On June 17, 2016, U.S. Customs and Border Protection (CBP) announced that it added the following to the Electronic System for Travel Authorization (ESTA) application:

  • Have you traveled to, or been present in, Iraq, Syria, Iran, Sudan, Libya, Somalia, or Yemen on or after March 1, 2011?
  • CBP Global Entry program number, if applicable.

If an individual is a national of a Visa Waiver Program (VWP) country, he/she may submit an ESTA application and, if it is approved, may then enter the U.S. for a period of up to 90 days as a tourist or business visitor without a visa.

Initially under the Visa Waiver Program Improvement and Terrorist Travel Prevention Act of 2015, nationals of VWP countries who had been present in Iran, Iraq, Sudan, or Syria after March 1, 2011 were not eligible, absent a waiver, to enter the U.S. under the VWP. On February 18, 2016, the Department of Homeland Security added Libya, Somalia and Yemen to the list of “countries of concern.” To screen for such individuals, the ESTA application has been revised.

Employer required to pay back wages to H-1B following its failure to participate in OALJ proceedings

On June 14, 2016, the United States Department of Labor, Office of Administrative Law Judges (OALJ) required an employer to pay $15,067.20 in back wages to an H-1B employee, after the employer failed to participate in the hearing.
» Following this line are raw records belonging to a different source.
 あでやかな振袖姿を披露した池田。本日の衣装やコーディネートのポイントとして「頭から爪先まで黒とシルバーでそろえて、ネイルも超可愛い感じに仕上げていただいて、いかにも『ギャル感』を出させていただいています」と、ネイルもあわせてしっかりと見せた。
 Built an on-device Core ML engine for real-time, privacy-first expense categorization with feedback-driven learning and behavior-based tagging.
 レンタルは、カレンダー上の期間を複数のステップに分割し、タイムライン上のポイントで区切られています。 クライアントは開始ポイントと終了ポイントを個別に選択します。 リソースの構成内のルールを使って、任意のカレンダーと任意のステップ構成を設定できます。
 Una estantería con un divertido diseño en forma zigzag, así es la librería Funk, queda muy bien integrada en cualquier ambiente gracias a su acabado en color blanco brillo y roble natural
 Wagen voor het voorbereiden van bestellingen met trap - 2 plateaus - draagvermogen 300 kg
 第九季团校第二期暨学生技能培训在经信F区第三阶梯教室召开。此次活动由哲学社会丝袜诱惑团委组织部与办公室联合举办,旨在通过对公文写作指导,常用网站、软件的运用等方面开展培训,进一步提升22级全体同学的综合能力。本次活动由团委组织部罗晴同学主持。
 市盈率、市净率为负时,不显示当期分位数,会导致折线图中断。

While the employer objected to the DOL Wage and Hour Division’s determination and requested a hearing before the OALJ, it subsequently failed to produce initial disclosures, participate in an initial conference, and appear at a prehearing conference. As a result, the OALJ issued a final determination holding the employer violated the Immigration and Nationality Act and, thereby, was required to pay the back wages assessed in the DOL Wage and Hour Division’s determination.